Using the data below, restate exactly every line from the one with "World Book Night" up to and including the one with "1、新增【商品重量】字段,类". No picture belongs in it.

Start of Data for this exercise

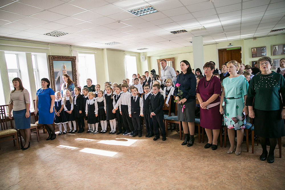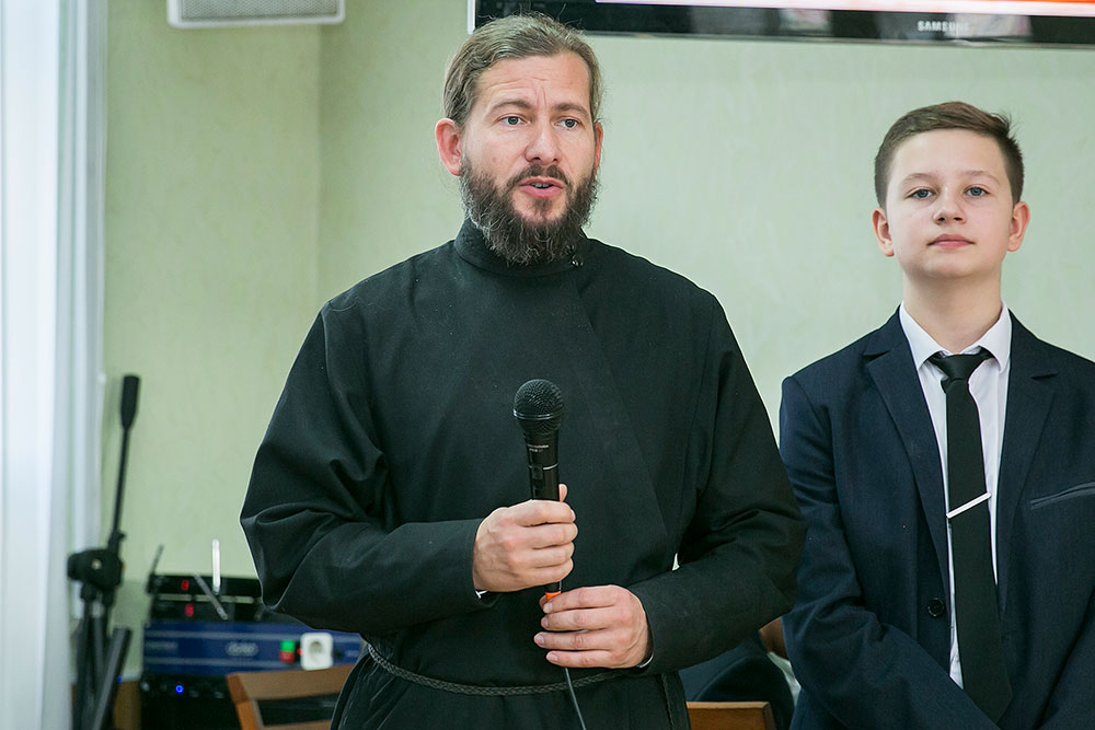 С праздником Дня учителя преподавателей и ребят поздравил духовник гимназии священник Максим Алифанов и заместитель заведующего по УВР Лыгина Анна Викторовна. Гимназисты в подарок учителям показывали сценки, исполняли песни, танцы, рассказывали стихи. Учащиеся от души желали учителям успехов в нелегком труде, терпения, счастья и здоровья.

End of Data for this exercise
Start of Data for this exercise

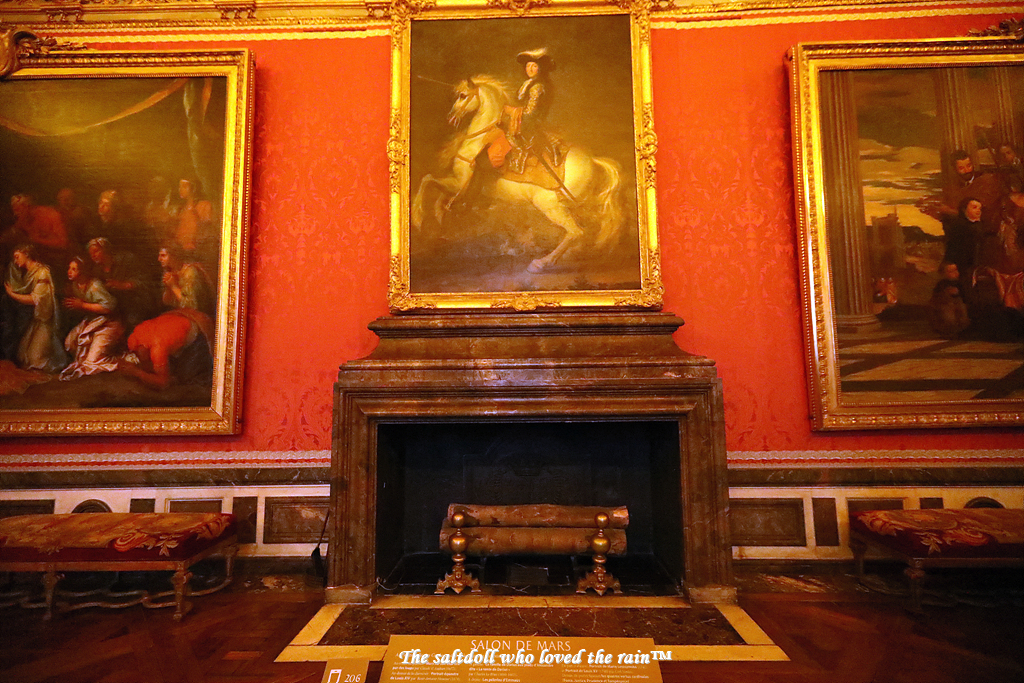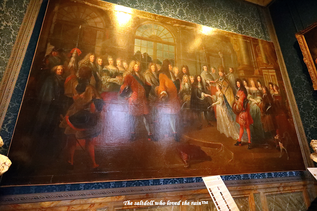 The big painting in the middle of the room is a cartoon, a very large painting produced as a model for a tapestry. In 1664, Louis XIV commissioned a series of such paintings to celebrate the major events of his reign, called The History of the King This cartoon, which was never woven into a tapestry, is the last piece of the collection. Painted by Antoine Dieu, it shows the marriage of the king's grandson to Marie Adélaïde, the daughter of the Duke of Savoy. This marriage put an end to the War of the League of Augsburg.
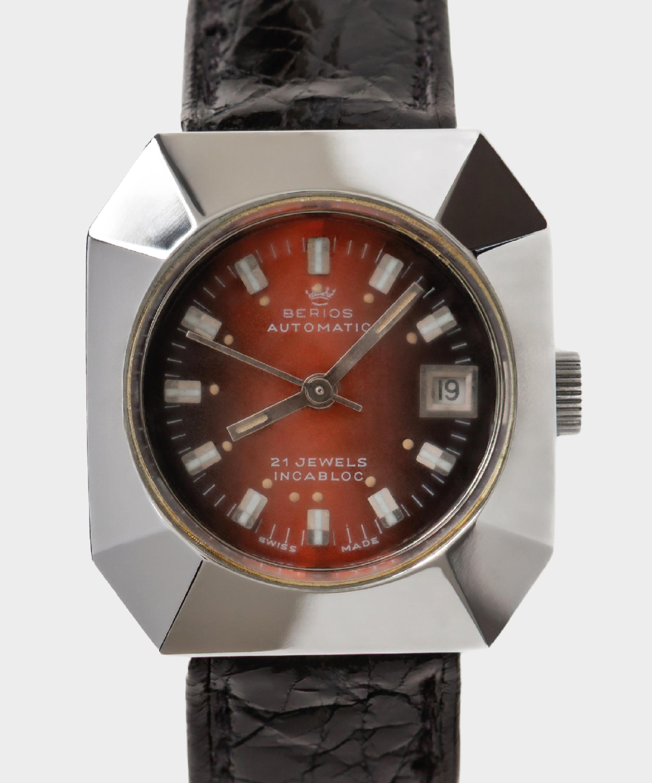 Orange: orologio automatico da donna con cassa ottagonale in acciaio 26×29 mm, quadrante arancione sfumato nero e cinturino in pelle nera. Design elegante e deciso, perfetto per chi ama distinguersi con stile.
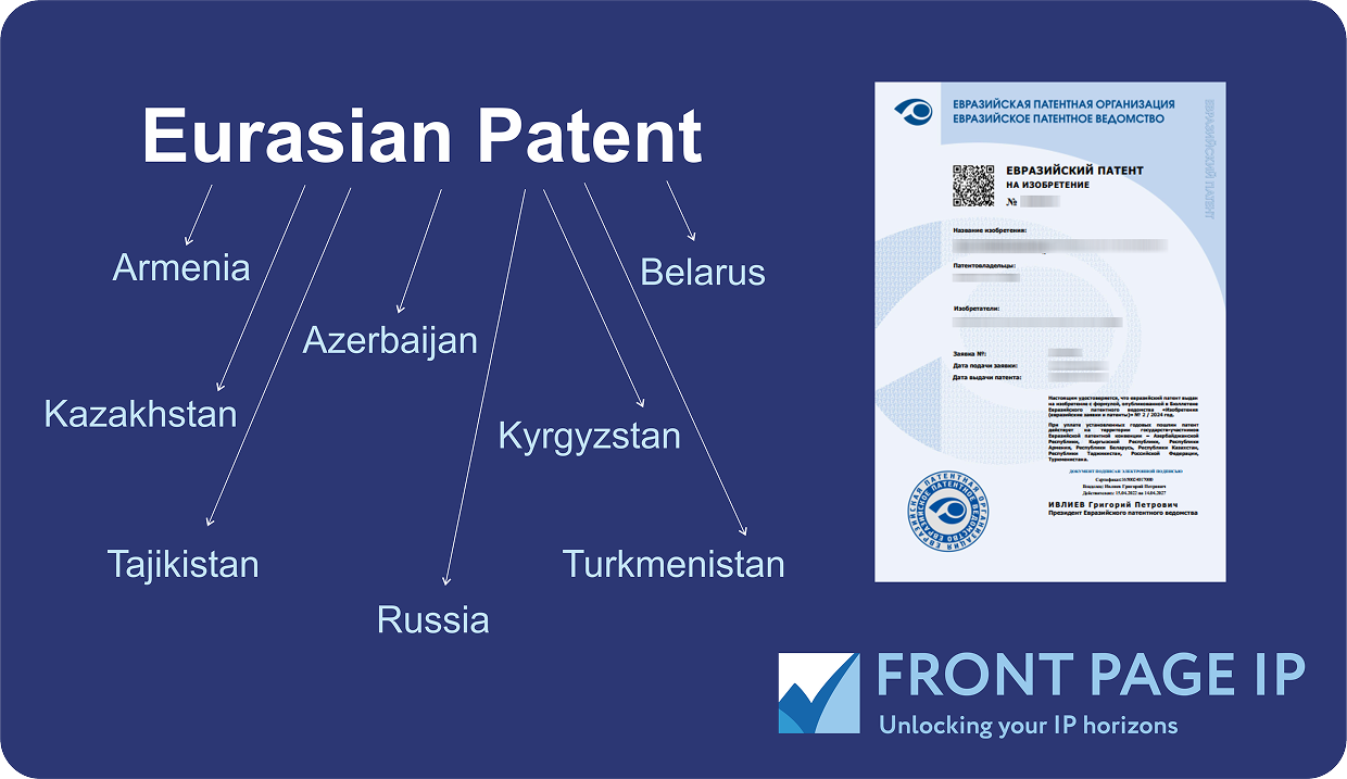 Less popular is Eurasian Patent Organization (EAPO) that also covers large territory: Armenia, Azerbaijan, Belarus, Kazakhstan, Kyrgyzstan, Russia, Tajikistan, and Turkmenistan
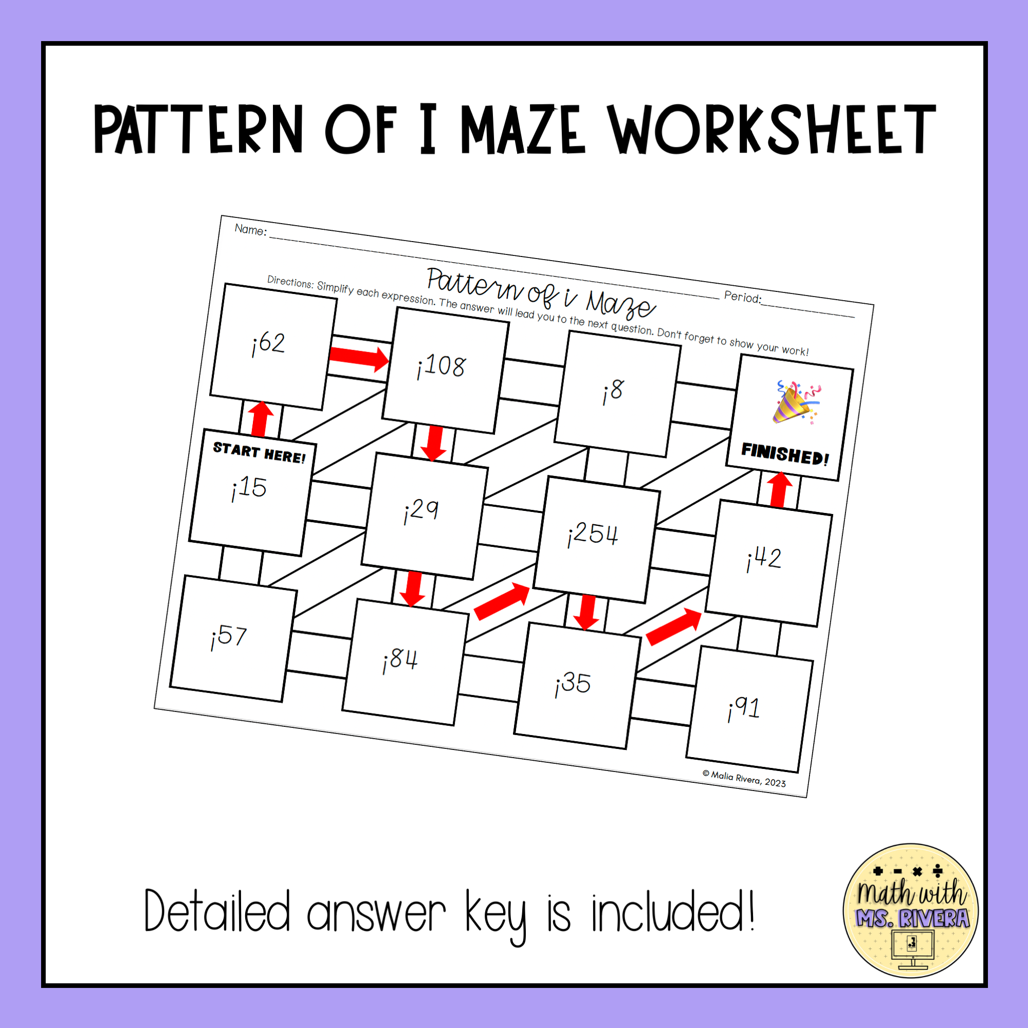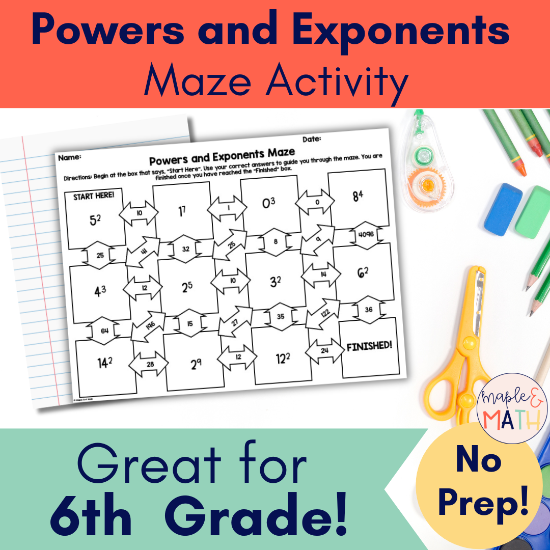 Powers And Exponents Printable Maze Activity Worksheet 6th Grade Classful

End of Data for this exercise
Start of Data for this exercise

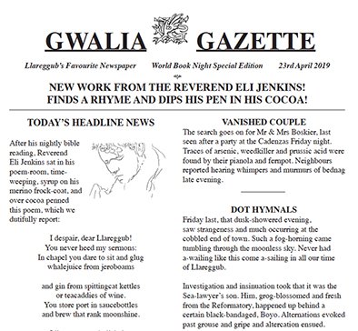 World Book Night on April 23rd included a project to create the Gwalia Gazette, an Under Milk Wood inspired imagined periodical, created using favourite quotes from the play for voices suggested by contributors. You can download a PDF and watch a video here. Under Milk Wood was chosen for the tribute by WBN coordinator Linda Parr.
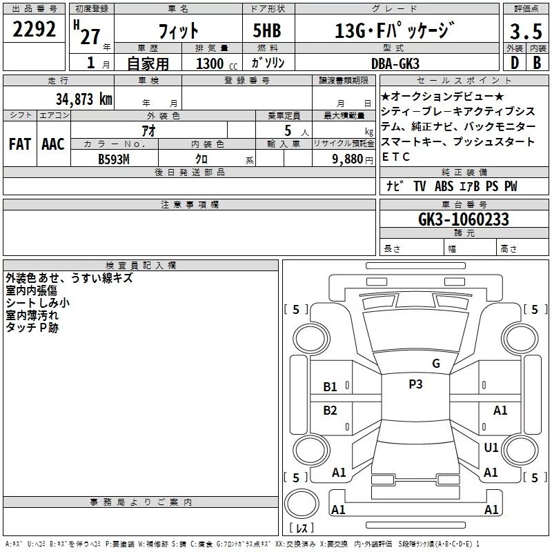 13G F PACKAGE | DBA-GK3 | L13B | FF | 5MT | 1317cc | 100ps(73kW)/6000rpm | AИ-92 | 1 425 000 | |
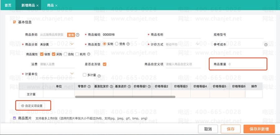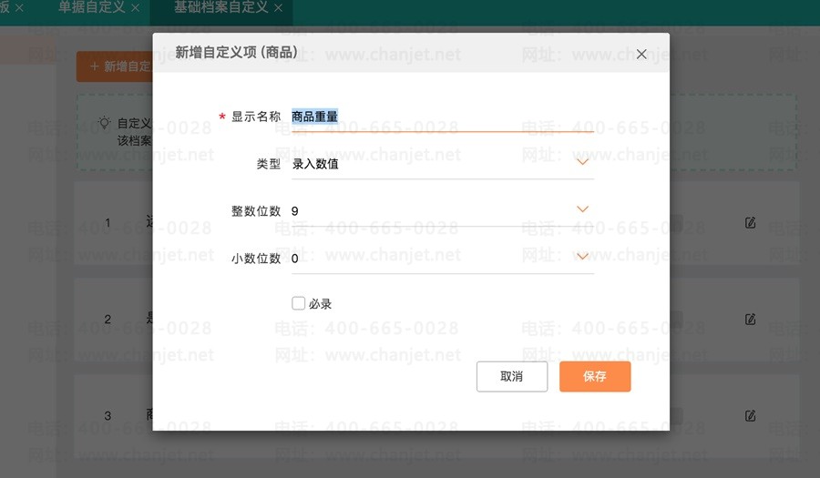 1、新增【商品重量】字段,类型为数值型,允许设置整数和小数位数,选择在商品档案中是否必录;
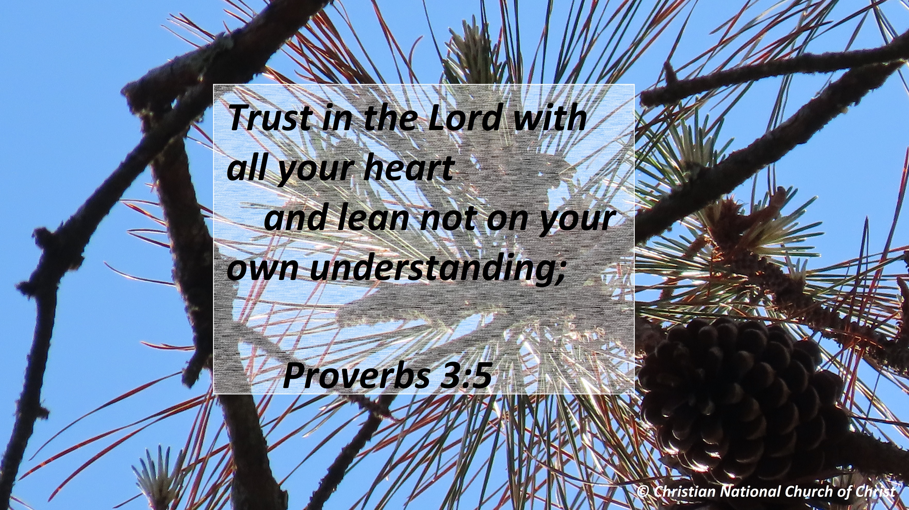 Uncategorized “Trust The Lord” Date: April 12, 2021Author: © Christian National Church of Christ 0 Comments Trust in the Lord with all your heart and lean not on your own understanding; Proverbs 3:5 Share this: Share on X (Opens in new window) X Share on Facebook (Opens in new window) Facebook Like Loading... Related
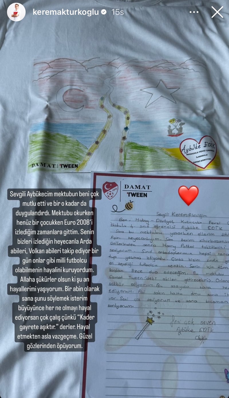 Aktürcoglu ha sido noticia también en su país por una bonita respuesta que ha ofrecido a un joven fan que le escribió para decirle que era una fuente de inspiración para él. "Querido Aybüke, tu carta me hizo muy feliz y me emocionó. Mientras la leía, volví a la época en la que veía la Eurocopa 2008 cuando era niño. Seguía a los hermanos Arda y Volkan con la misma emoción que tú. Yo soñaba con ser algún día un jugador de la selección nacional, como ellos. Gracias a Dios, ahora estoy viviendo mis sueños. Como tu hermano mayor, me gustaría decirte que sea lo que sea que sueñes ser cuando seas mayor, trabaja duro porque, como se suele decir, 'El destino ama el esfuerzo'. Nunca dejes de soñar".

End of Data for this exercise

Reply
 World Book Night on April 23rd included a project to create the Gwalia Gazette, an Under Milk Wood inspired imagined periodical, created using favourite quotes from the play for voices suggested by contributors. You can download a PDF and watch a video here. Under Milk Wood was chosen for the tribute by WBN coordinator Linda Parr.
 13G F PACKAGE | DBA-GK3 | L13B | FF | 5MT | 1317cc | 100ps(73kW)/6000rpm | AИ-92 | 1 425 000 | |
 1、新增【商品重量】字段,类型为数值型,允许设置整数和小数位数,选择在商品档案中是否必录;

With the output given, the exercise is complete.